Book Synopsis Deterritorialization and Literary Form by : Flora Süssekind
Download or read book Deterritorialization and Literary Form written by Flora Süssekind and published by . This book was released on 2002 with total page 38 pages. Available in PDF, EPUB and Kindle. Book excerpt:
Book Synopsis Empire Islands by : Rebecca Weaver-Hightower
Download or read book Empire Islands written by Rebecca Weaver-Hightower and published by U of Minnesota Press. This book was released on 2007 with total page 316 pages. Available in PDF, EPUB and Kindle. Book excerpt: Through a detailed unpacking of the castaway genre’s appeal in English literature, Empire Islands forwards our understanding of the sociopsychology of British Empire. Rebecca Weaver-Hightower argues convincingly that by helping generations of readers to make sense of—and perhaps feel better about—imperial aggression, the castaway story in effect enabled the expansion and maintenance of European empire. Empire Islands asks why so many colonial authors chose islands as the setting for their stories of imperial adventure and why so many postcolonial writers “write back” to those island castaway narratives. Drawing on insightful readings of works from Thomas More’s Utopia to Caribbean novels like George Lamming’s Water with Berries, from canonical works such as Robinson Crusoe and The Tempest to the lesser-known A Narrative of the Life and Astonishing Adventures of John Daniel by Ralph Morris, Weaver-Hightower examines themes of cannibalism, piracy, monstrosity, imperial aggression, and the concept of going native. Ending with analysis of contemporary film and the role of the United States in global neoimperialism, Weaver-Hightower exposes how island narratives continue not only to describe but to justify colonialism. Rebecca Weaver-Hightower is assistant professor of English and postcolonial studies at the University of North Dakota.
Download or read book Kafka written by Gilles Deleuze and published by U of Minnesota Press. This book was released on 1986 with total page 140 pages. Available in PDF, EPUB and Kindle. Book excerpt: In Kafka Deleuze and Guattari free their subject from his (mis)intrepreters. In contrast to traditional readings that see in Kafka's work a case of Oedipalized neurosis or a flight into transcendence, guilt, and subjectivity, Deleuze and Guattari make a case for Kafka as a man of joy, a promoter of radical politics who resisted at every turn submission to frozen hierarchies.

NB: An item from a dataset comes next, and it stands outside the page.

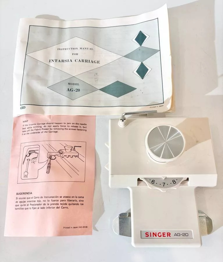 Singer AG20 intarsia carriage fits almost all standard-gauge knitting machines manufactured under the Silver/Silver Reed/Empisal Knitmaster/Singer/Studio/RICCAR names (except for the turn-knob ones) and several of first generation punchcard machines. It even fits some fine-gauge machines but with some modifications (the step-wheel/gear needs to be replaced).
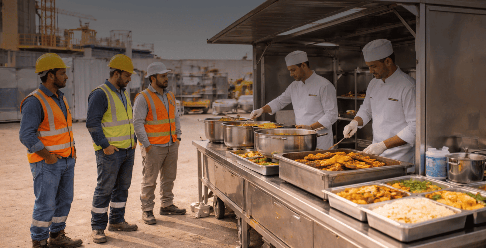 We provide comprehensive catering services for corporate offices, factories, labor camps, construction sites, and remote industrial locations. Our services include daily staff meal catering, labor camp catering, camp facility food services, bulk meal box supply, and catering operations management.

Book Synopsis EPZ Thousand Plateaus by : Gilles Deleuze
Download or read book EPZ Thousand Plateaus written by Gilles Deleuze and published by A&C Black. This book was released on 2004-09-01 with total page 716 pages. Available in PDF, EPUB and Kindle. Book excerpt: ‘A rare and remarkable book.' Times Literary Supplement Gilles Deleuze (1925-1995) was Professor of Philosophy at the University of Paris VIII. He is a key figure in poststructuralism, and one of the most influential philosophers of the twentieth century. Félix Guattari (1930-1992) was a psychoanalyst at the la Borde Clinic, as well as being a major social theorist and radical activist. A Thousand Plateaus is part of Deleuze and Guattari's landmark philosophical project, Capitalism and Schizophrenia - a project that still sets the terms of contemporary philosophical debate. A Thousand Plateaus provides a compelling analysis of social phenomena and offers fresh alternatives for thinking about philosophy and culture. Its radical perspective provides a toolbox for ‘nomadic thought' and has had a galvanizing influence on today's anti-capitalist movement. Translated by Brian Massumi>
Book Synopsis Cultural Appropriation in Fashion and Entertainment by : Yuniya Kawamura
Download or read book Cultural Appropriation in Fashion and Entertainment written by Yuniya Kawamura and published by Bloomsbury Publishing. This book was released on 2022-06-16 with total page 241 pages. Available in PDF, EPUB and Kindle. Book excerpt: Is it ever acceptable to “borrow” culturally inspired ideas? Who has ownership over intangible culture? What role does power inequality play? These questions are often at the center of heated public debates around cultural appropriation, with new controversies breaking seemingly every day. Cultural Appropriation in Fashion and Entertainment offers a sociological perspective on the appropriation of race, ethnicity, class, sexuality, and religion embedded in clothing, textiles, jewelry, accessories, hairstyles and tattoos, as well as in entertainment, such as K-pop, Bhangra, and hip-hop. By providing a range of global perspectives on the adoption, adaptation, and application of both tangible and intangible cultural objects, Kawamura and de Jong help move the conversation beyond simply criticizing designers and creators to encourage nuanced discussion and raise awareness of diverse cultures in the creative industries.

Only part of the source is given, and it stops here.